A radical programme of change introduced to increase the happiness, and meet the complex emotional needs, of its residents with dementia at a Nottingham care home has been rewarded with an "Outstanding" rating from the CQC.
Reporting for the Nottingham Post, Issac Ashe explains more...
"Almost four years ago Landermeads Care Home in Chilwell, a family-run care provider, decided that despite patients being well looked after physically, a change in culture was needed to address their residents' emotional needs.
Huge changes were undertaken - from getting rid of staff uniforms and nurses' trolleys, to physically restructuring their buildings - in a bid to improve the day-to-day happiness of the homes 85 'family members', leading to results that director and registered provider Ros Heath says can now be seen on their faces every day.
And this month, inspectors at the Care Quality Commission agreed, reporting the facility is outstanding overall.
In the report, which can be viewed in full online, it says: "People told us they were treated with compassion dignity and respect and staff ensured their privacy was protected. We observed very positive, caring relationships between staff, people using the service and their relatives, which helped to promote a calm family atmosphere where people were safe.
"Staff demonstrated an excellent understanding of people's support needs and used skill and innovative methods to ensure they received personalised responsive care. Forethought and innovation was used to ensure that people had the opportunity to take part in enjoyable, constructive activities that reflected their interests and life history."
Ros Heath said the new approach was based on the 'Flower of Emotional Needs' strategy developed by psychologist Tom Kitwood - making sure that each day dementia patients felt love, comfort, occupation, attachment, inclusion, and identity at Landermeads.
She said: "Our whole approach, all we're doing, looks at every single aspect of that. Four years ago this January we sat down. We've been around a long time as a family-run nursing home, and always done very well and had a good reputation. People were supported, well fed, clean - but people were definitely unhappy.
"They were demoralised and felt they had lost their worth. We asked how we could make them feel loved, and part of the family."

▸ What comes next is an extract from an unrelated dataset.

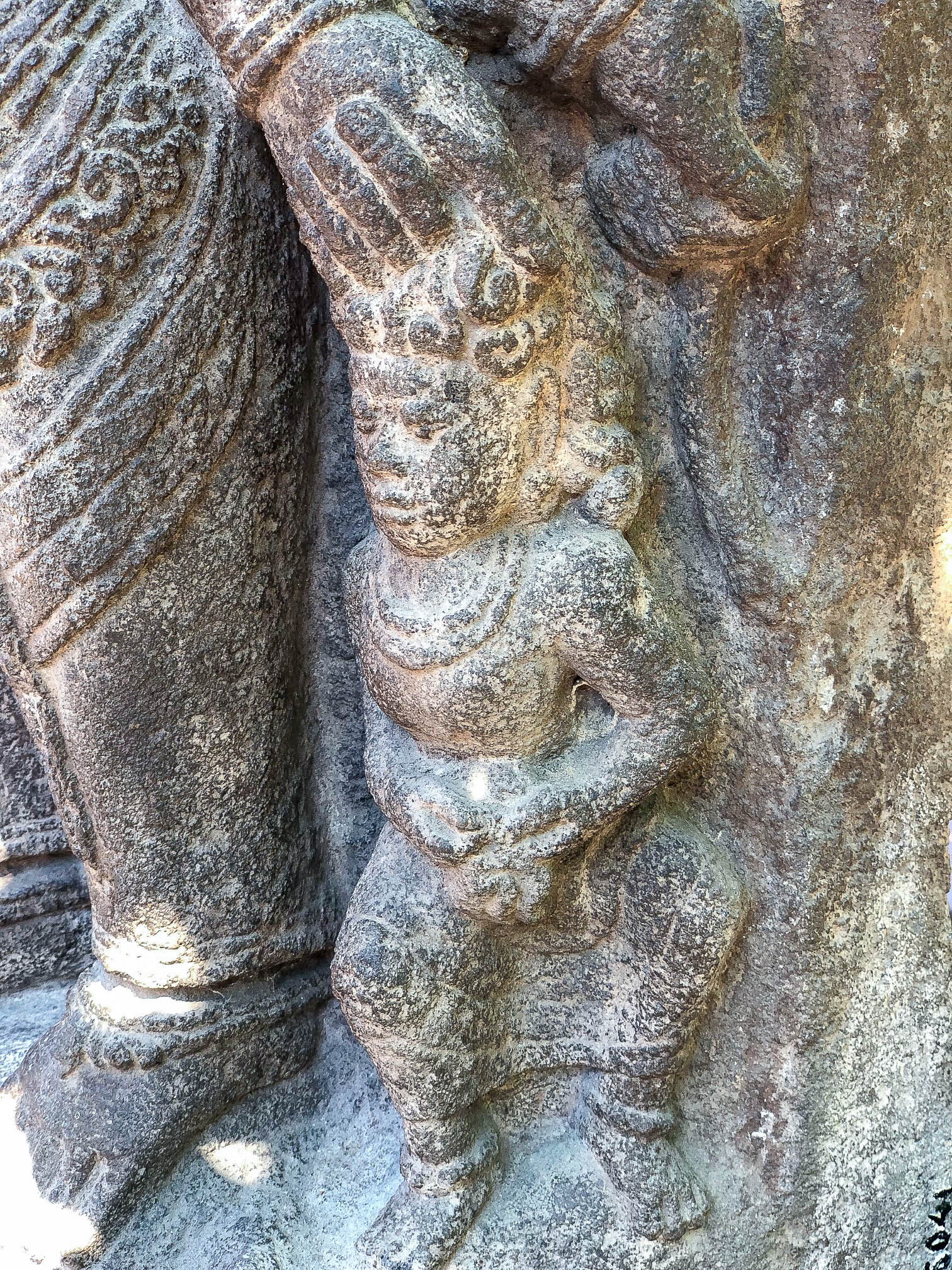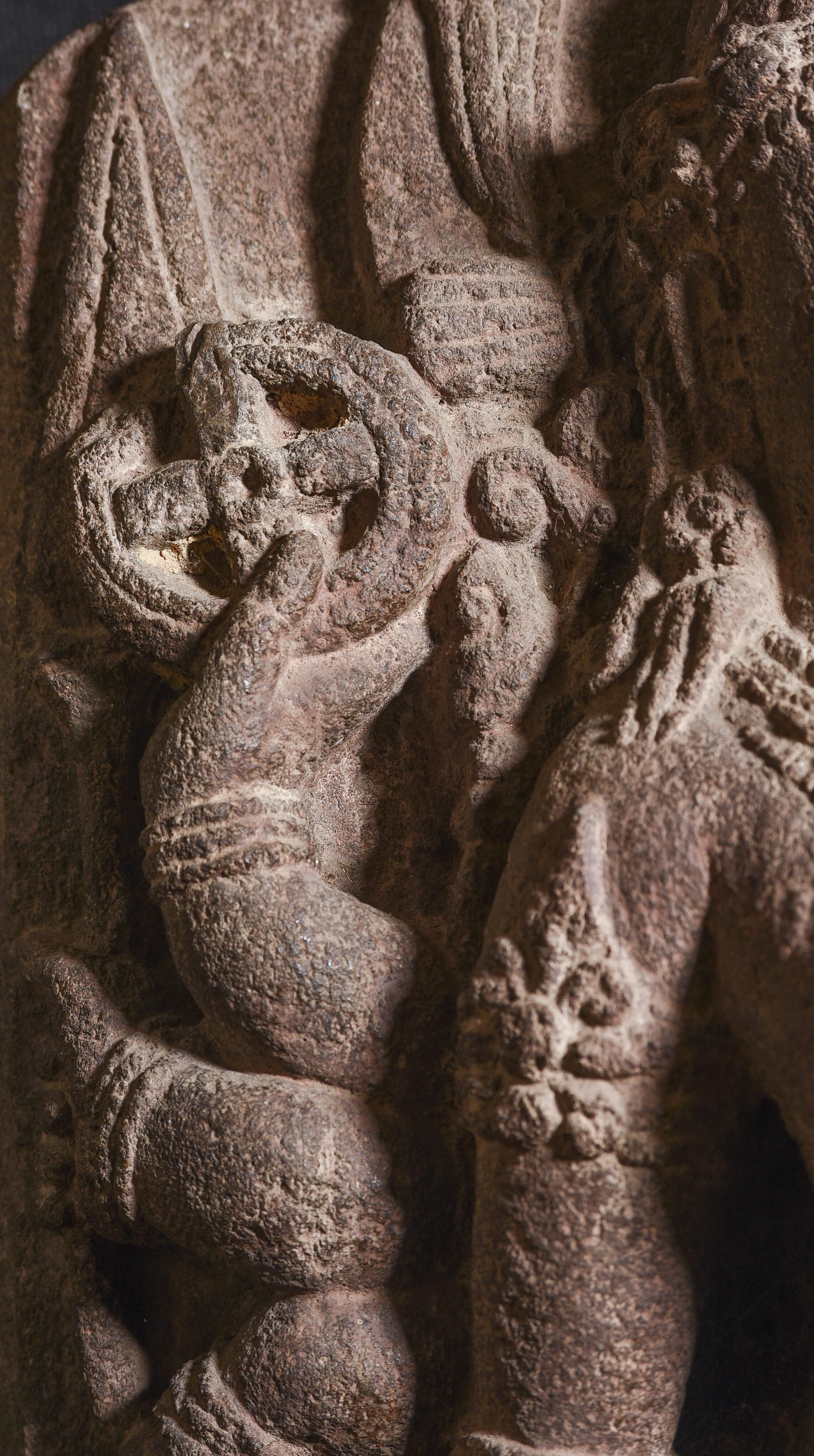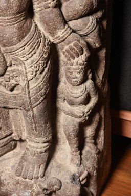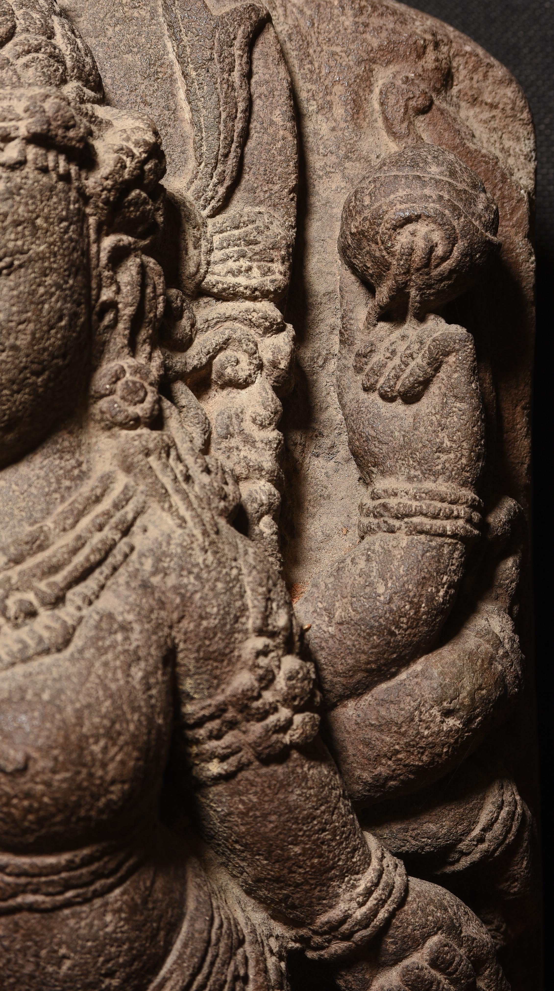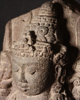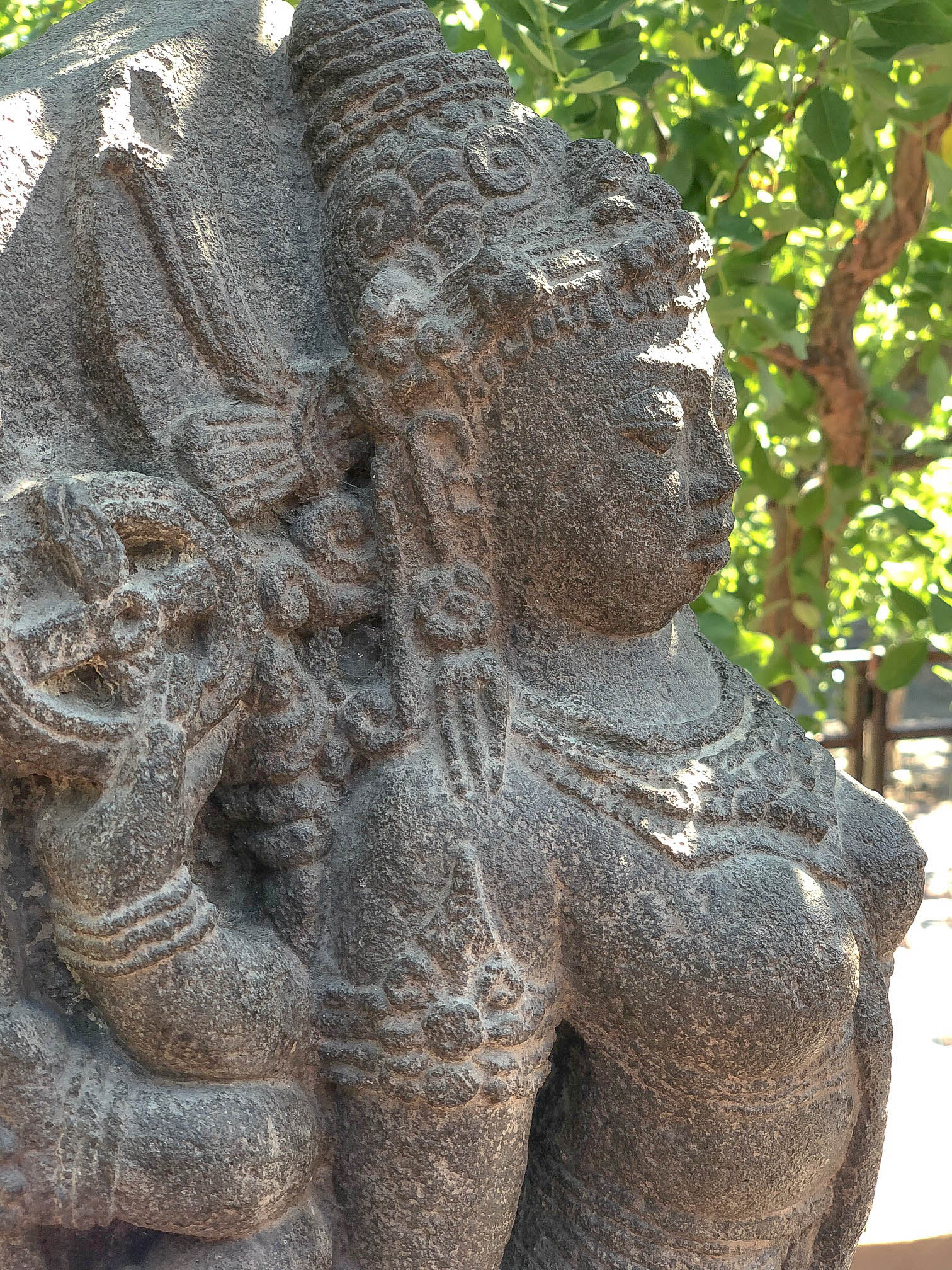 Masterpiece 9th century Stone Durga from Java. This sculpture is one of the finest I've had the pleasure of offering in over 30 years. The Deep spiritual presence is palpable in the face and overall stance of the Durga figure. the carving is classic. The patina is original and untouched. Impressive at approx. 100 pounds and with dimensions of H: 23"x W: 11". An all-time favorite that commands a central place on the main altar in my home gallery. Bull missing one otherwise near perfect for 1200 years old. This piece came to The Buddha Gallery many years ago from a South-African collection. ( H: 23"x W: 11"x D 7.5" )

Landermeads set about restructuring the way they worked, scrapping their system of having several units and introducing five households, with residents of each matched by the level of their dementia, and each run in different ways - for example giving a more calm, sensory programme for people living in the final stages of dementia, with activities like massage and aromatherapy.
Staff uniforms were scrapped, and employees even wear pyjamas while working night shifts to make patients feel more at home.
Ros said: "We used to have situations where people would bang on doors to get out. They didn't understand why they were there, felt institutionalised and were looking for home, for security.
"When we took away the 'us and them' those behaviours stopped. We're now a lot of happy people, there's laughing and joking and banter with staff.
"We have less hospital admissions now, fewer falls, overall better well-being - you can feel when people are happier, it's tangible."